#### DATA BLOCK
+ + + +
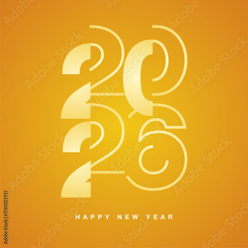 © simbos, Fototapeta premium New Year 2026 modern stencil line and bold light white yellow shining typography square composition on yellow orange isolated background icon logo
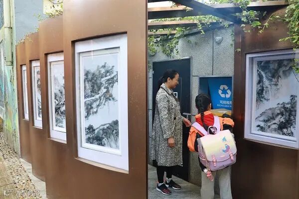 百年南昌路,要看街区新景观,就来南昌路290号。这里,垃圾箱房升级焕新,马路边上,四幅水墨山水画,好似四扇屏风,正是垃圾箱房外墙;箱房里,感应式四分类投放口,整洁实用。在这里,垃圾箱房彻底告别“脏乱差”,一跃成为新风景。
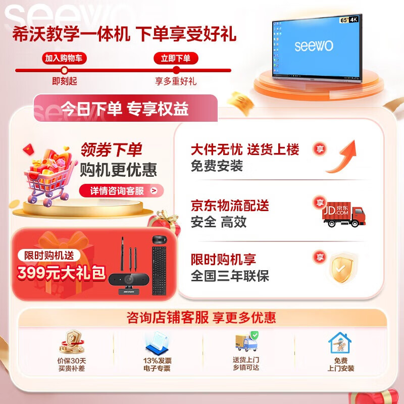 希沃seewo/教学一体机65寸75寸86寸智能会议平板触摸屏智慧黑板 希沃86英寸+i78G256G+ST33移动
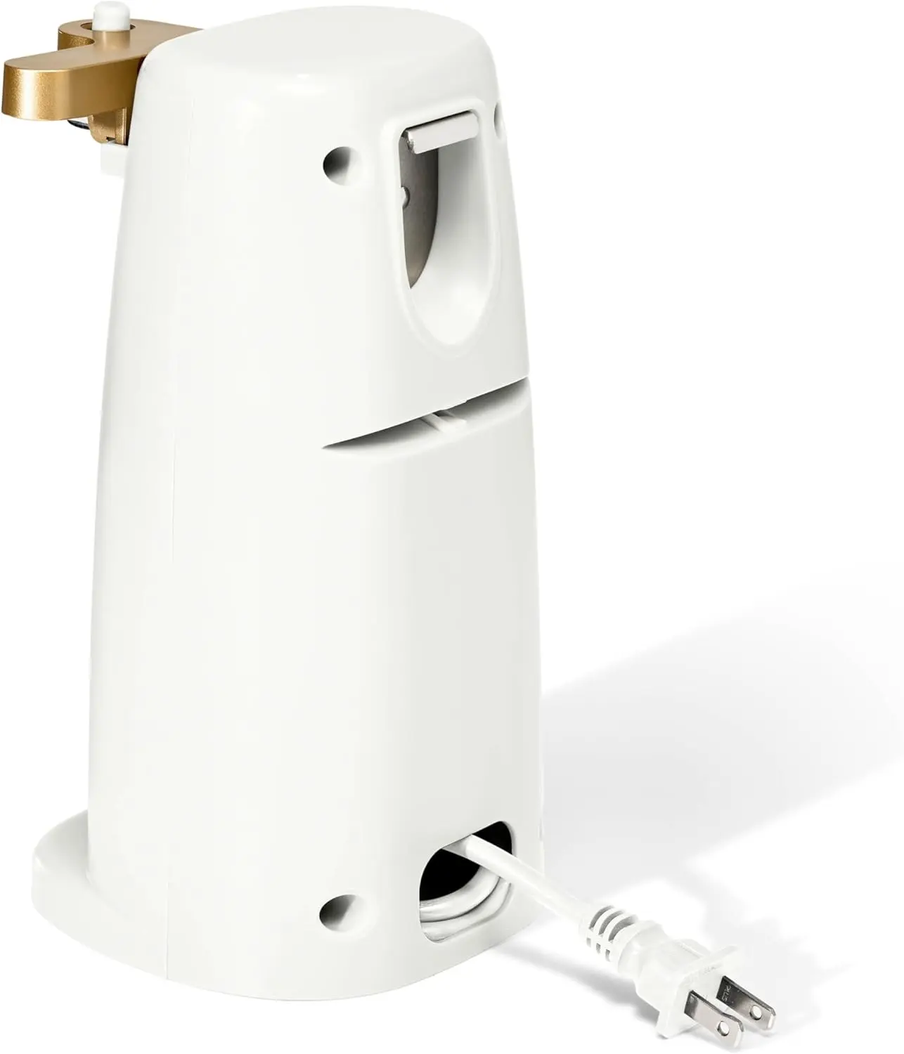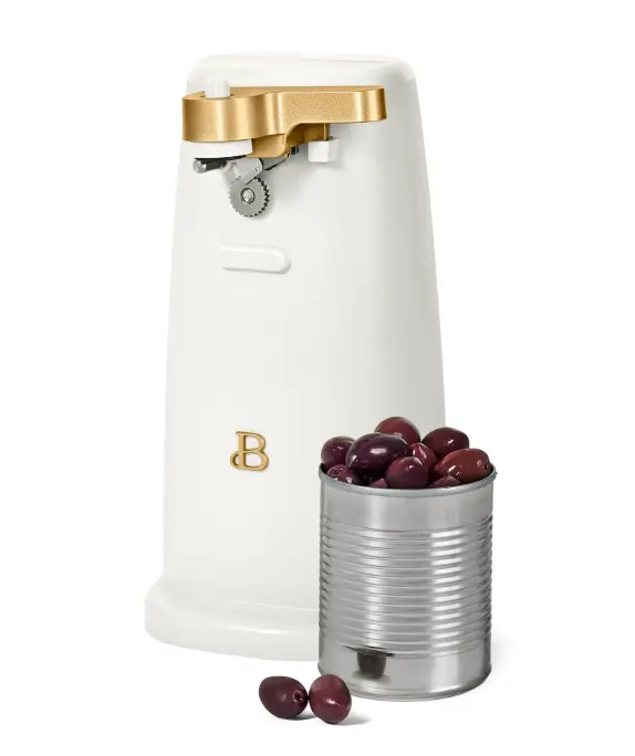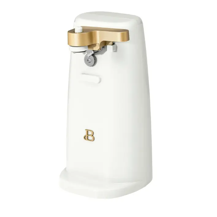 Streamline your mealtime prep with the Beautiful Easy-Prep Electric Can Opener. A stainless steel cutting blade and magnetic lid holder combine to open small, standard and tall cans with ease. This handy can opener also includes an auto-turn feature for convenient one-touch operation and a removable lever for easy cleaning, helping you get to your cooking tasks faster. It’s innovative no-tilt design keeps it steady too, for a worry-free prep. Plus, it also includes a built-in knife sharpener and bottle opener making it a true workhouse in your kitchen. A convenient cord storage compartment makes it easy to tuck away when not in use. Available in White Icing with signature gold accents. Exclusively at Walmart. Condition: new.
+ + + +
#### DIRECTIONS FOR THIS TASK
Give the listing again word for word, but drop every picture.

#### TASK RESPONSE
 © simbos, Fototapeta premium New Year 2026 modern stencil line and bold light white yellow shining typography square composition on yellow orange isolated background icon logo
 百年南昌路,要看街区新景观,就来南昌路290号。这里,垃圾箱房升级焕新,马路边上,四幅水墨山水画,好似四扇屏风,正是垃圾箱房外墙;箱房里,感应式四分类投放口,整洁实用。在这里,垃圾箱房彻底告别“脏乱差”,一跃成为新风景。
 希沃seewo/教学一体机65寸75寸86寸智能会议平板触摸屏智慧黑板 希沃86英寸+i78G256G+ST33移动
 Streamline your mealtime prep with the Beautiful Easy-Prep Electric Can Opener. A stainless steel cutting blade and magnetic lid holder combine to open small, standard and tall cans with ease. This handy can opener also includes an auto-turn feature for convenient one-touch operation and a removable lever for easy cleaning, helping you get to your cooking tasks faster. It’s innovative no-tilt design keeps it steady too, for a worry-free prep. Plus, it also includes a built-in knife sharpener and bottle opener making it a true workhouse in your kitchen. A convenient cord storage compartment makes it easy to tuck away when not in use. Available in White Icing with signature gold accents. Exclusively at Walmart. Condition: new.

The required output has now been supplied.